Re: Hollywood Scripting
Posted: Fri Sep 13, 2013 5:07 am
by coffin_dodger
Olympus has Fallen — Flat
About the time I was a teen-ager, Disney Animation fell into a rut. When I was a child, they had a long list of solid animated feature films — Snow White, Sleeping Beauty, Cinderella, Peter Pan — that captured something of the mythic dimension of these old stories. Then sometime in the 1970′s, they started cranking out formula films that looked and felt more like Saturday morning cartoons than mythology. Their animation release schedule slowed to a crawl, and their live-action films were, if anything, even more formulaic and insipid than their animations. It wasn’t until Beauty and the Beast, in 1991, that they recovered something of the old Disney magic.
Recently, both Stephen Spielberg and George Lucas have predicted the imminent demise of the Big Blockbuster studio model, in part because the blockbuster films are in a rut, just like Disney was in the 1970′s. The big-budget Olympus has Fallen has been listed among the examples of the kinds of flops that are dragging down the genre...
If there are to be movies that cost a hundred million and more to make, why the hell aren't we seeing more like Cloud Atlas and none whatsoever like Olympus Has Fallen?
Re: Hollywood Scripting
Posted: Fri Sep 13, 2013 10:15 am
by coffin_dodger
JackRiddler wrote:If there are to be movies that cost a hundred million and more to make, why the hell aren't we seeing more like Cloud Atlas and none whatsoever like Olympus Has Fallen?
I wonder about the 'costs' of films these days. Most of them are done with bluescreen, then backgrounds and effects added later, right? I can't see how a film that is created in a relatively confined space (compared to days gone by) with a backroom full of graphics-wiz's sat at PC's can rack up $100's of millions of expense. Is it possible that these mega-budgets are just...well...lies? I hasten to add I know fuck all about the movie industry, beyond the shit it knocks out.

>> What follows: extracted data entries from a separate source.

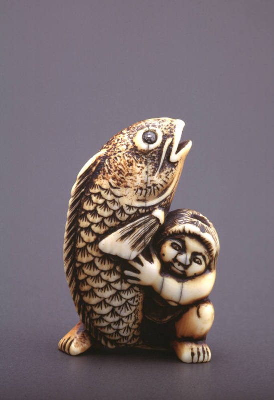 Netsuke modelled as Kintaro with a carp
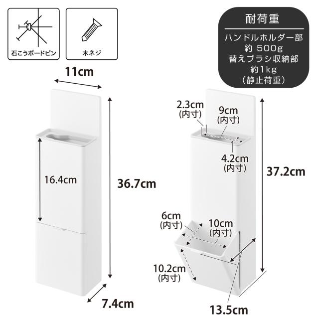 | 耐荷重 | ハンドルホルダー部:約 500g 替えブラシ収納部:約1kg(静止荷重) |
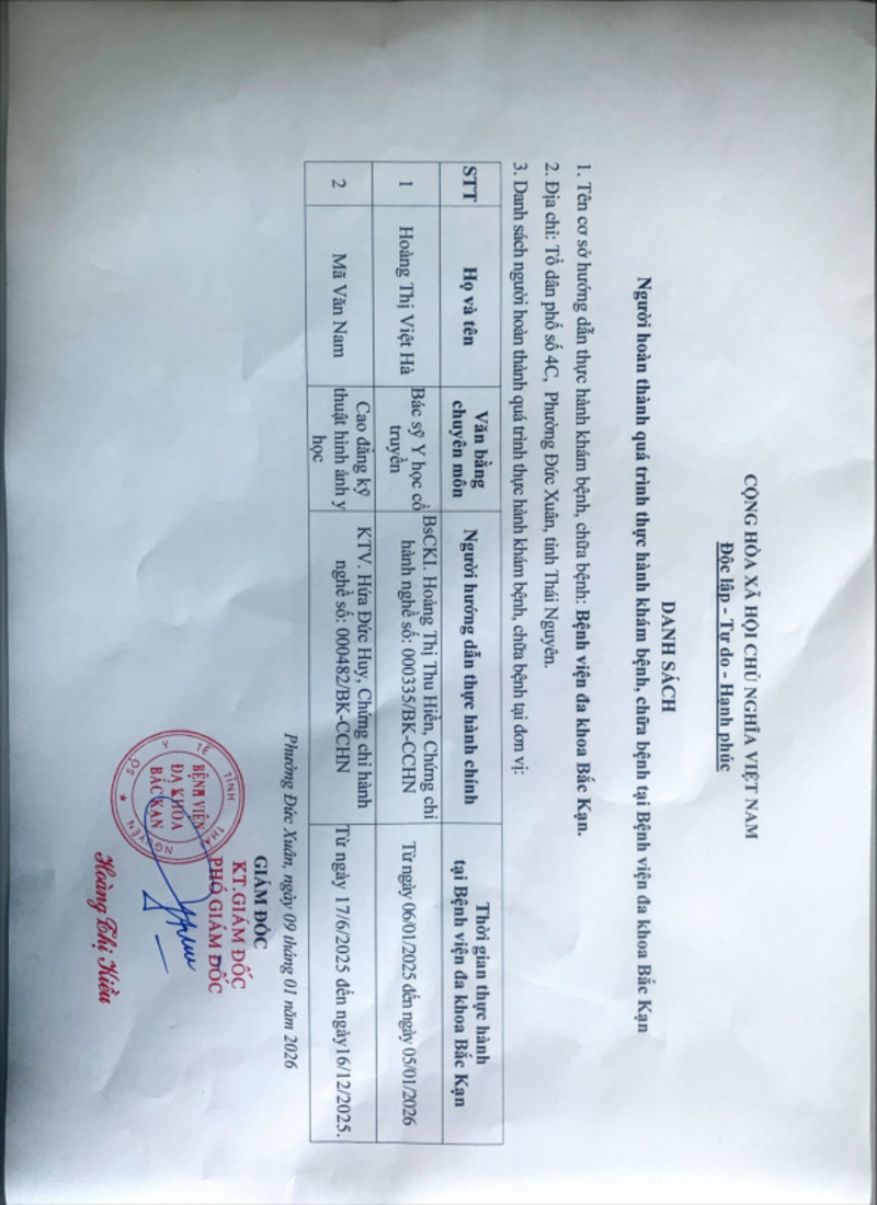 | Tiêu đề văn bản | Danh sách người hoàn thành quá trình thực hành khám bệnh, chữa bệnh tại Bệnh viện đa khoa Bắc Kạn | ||

edited to add - by 'shit', I mean content
Re: Hollywood Scripting
Posted: Fri Sep 13, 2013 2:57 pm
by JackRiddler
No, costs are as great as they have ever been.
1) Stars cost lots of money! A hundred-million dollar budget will typically be giving 20 mil to the big star and another 10+ to the rest. Producers and directors and select creatives often get fat shares up front. This is the totally not-mysterious black hole into which much of the money disappears (i.e., it's not drug money laundering or direct payoffs to illuminati or made up books to sound impressive, it's Tom Cruise's salary).
2) There is still a preference for building sets and blowing them up for real, also for having armies of extras and minor speaking roles. It's often obvious where sets end and the CGI extensions begin.
3) CGI on the level you see nowadays involves thousands of intensive labor hours by hundreds of highly-qualified, very well-compensated specialists in teams who need to be extremely dedicated and careful. It's very easy for the illusion to fail. It does not just reproduce itself.
4) CGI is always in development, many films are still creating the technology for what they do. Not just for this reason, blockbusters can be in development for years and this eats up plenty in creatives, staff and overhead.
See Cloud Atlas, it obviously was a huge endeavor, probably more hours involved than Spiderman or whatever.